(INFORMATION PROVIDED):

════

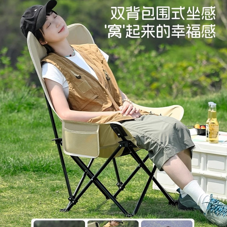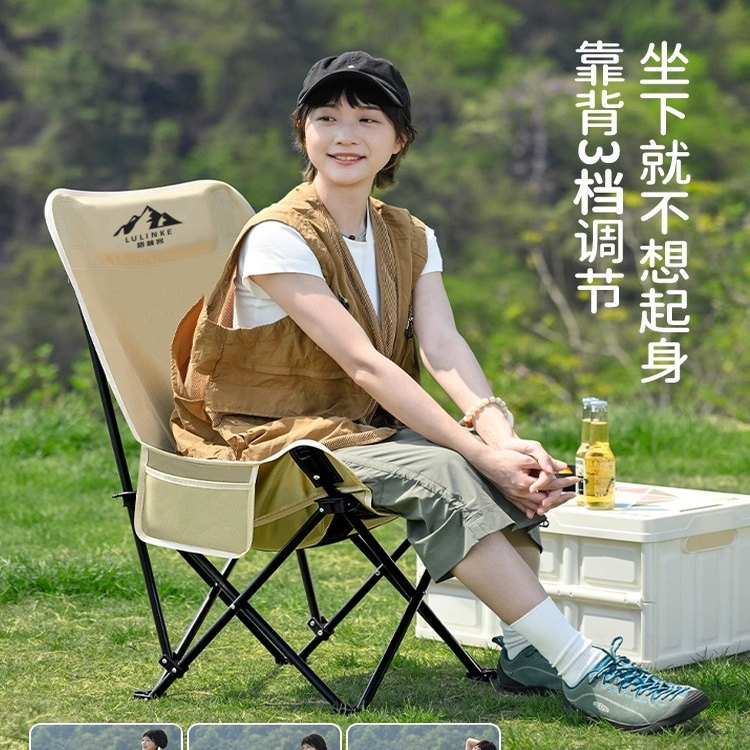 户外折叠椅加高靠背可折叠月亮椅便携午休办公室露营等沙发懒人椅
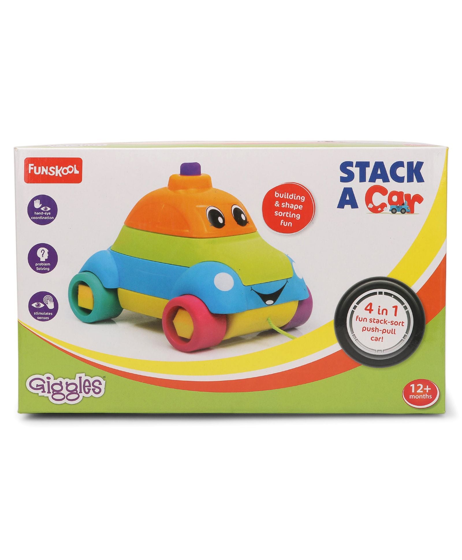 Are you looking for a toy to bring loads of happiness to your little angel? Funskool toys are the ideal choice for your kids. Funskool stack a car is a lovely toy to bring a cute smile on the little one's face. It's a brightly coloured toy, which appears to be very attractive to the child. At the same time, it keeps the child engaged during their playtime. Toot toot. Make way for a car with many possibilities. It comes with three compartments each of which can be taken out separately. They can be fixed back when the shapes are matched. This helps the child recognize shapes and also in hand-eye co-ordination. The detachable wheels with different shapes add to the fun. The car put together can be pulled along for a jolly ride and press the car top for squeaks. Toddlers aging above 9 months consider this toy as an interesting item to play with all the time. This stack a car toy is very safe to play with. It is so because high standards are maintained while designing this exciting toy. This push and pull along toy, with bright colour, lends visual stimulation. Above all, this Funskool toy is ideal to improve your toddler's learning ability. It's a wonderful product to keep the family members free of worries while letting the child play with this attractive toy.
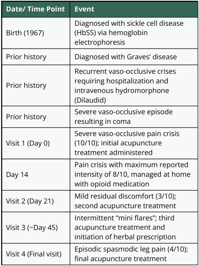 Chronic pain management in SCA often relies on opioids. Black patients and other marginalized groups frequently face barriers to pain care including undertreatment and bias in clinical settings (Arzoun et al., 2022; Hoffman et al., 2016; Anderson et al., 2023). In this case, acupuncture was offered as an option to complement opioid therapy to manage the sickle–cell–related pain of a patient with intersecting marginalized identities. Their experience demonstrates how integrative therapies can be part of a broader strategy for patient-centered and inclusive care.
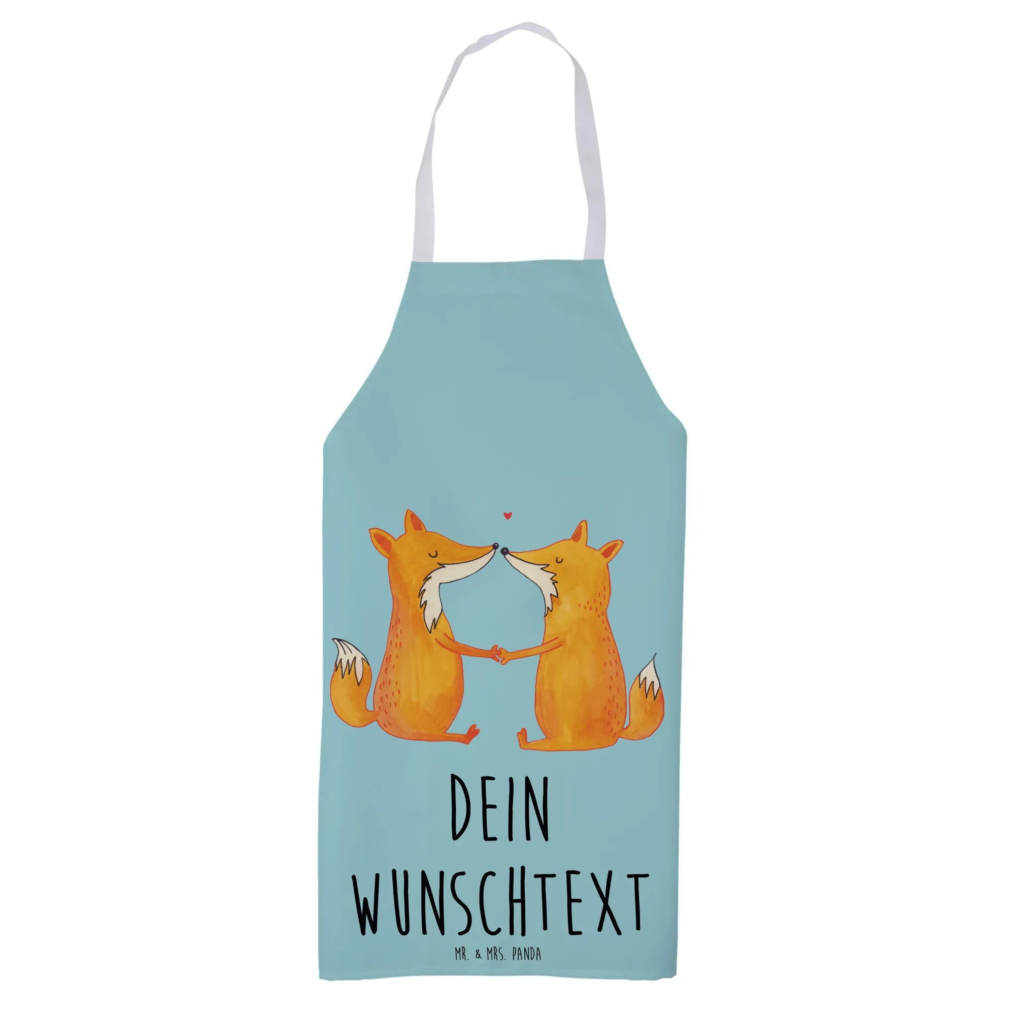Personalisierte Kochschürze Füchse Liebe - Türkis Pastell

════

(ASSIGNMENT): Retype all of the listing word for word and skip the pictures.

(EXERCISE SOLUTION):
 户外折叠椅加高靠背可折叠月亮椅便携午休办公室露营等沙发懒人椅
 Are you looking for a toy to bring loads of happiness to your little angel? Funskool toys are the ideal choice for your kids. Funskool stack a car is a lovely toy to bring a cute smile on the little one's face. It's a brightly coloured toy, which appears to be very attractive to the child. At the same time, it keeps the child engaged during their playtime. Toot toot. Make way for a car with many possibilities. It comes with three compartments each of which can be taken out separately. They can be fixed back when the shapes are matched. This helps the child recognize shapes and also in hand-eye co-ordination. The detachable wheels with different shapes add to the fun. The car put together can be pulled along for a jolly ride and press the car top for squeaks. Toddlers aging above 9 months consider this toy as an interesting item to play with all the time. This stack a car toy is very safe to play with. It is so because high standards are maintained while designing this exciting toy. This push and pull along toy, with bright colour, lends visual stimulation. Above all, this Funskool toy is ideal to improve your toddler's learning ability. It's a wonderful product to keep the family members free of worries while letting the child play with this attractive toy.
 Chronic pain management in SCA often relies on opioids. Black patients and other marginalized groups frequently face barriers to pain care including undertreatment and bias in clinical settings (Arzoun et al., 2022; Hoffman et al., 2016; Anderson et al., 2023). In this case, acupuncture was offered as an option to complement opioid therapy to manage the sickle–cell–related pain of a patient with intersecting marginalized identities. Their experience demonstrates how integrative therapies can be part of a broader strategy for patient-centered and inclusive care.
Personalisierte Kochschürze Füchse Liebe - Türkis Pastell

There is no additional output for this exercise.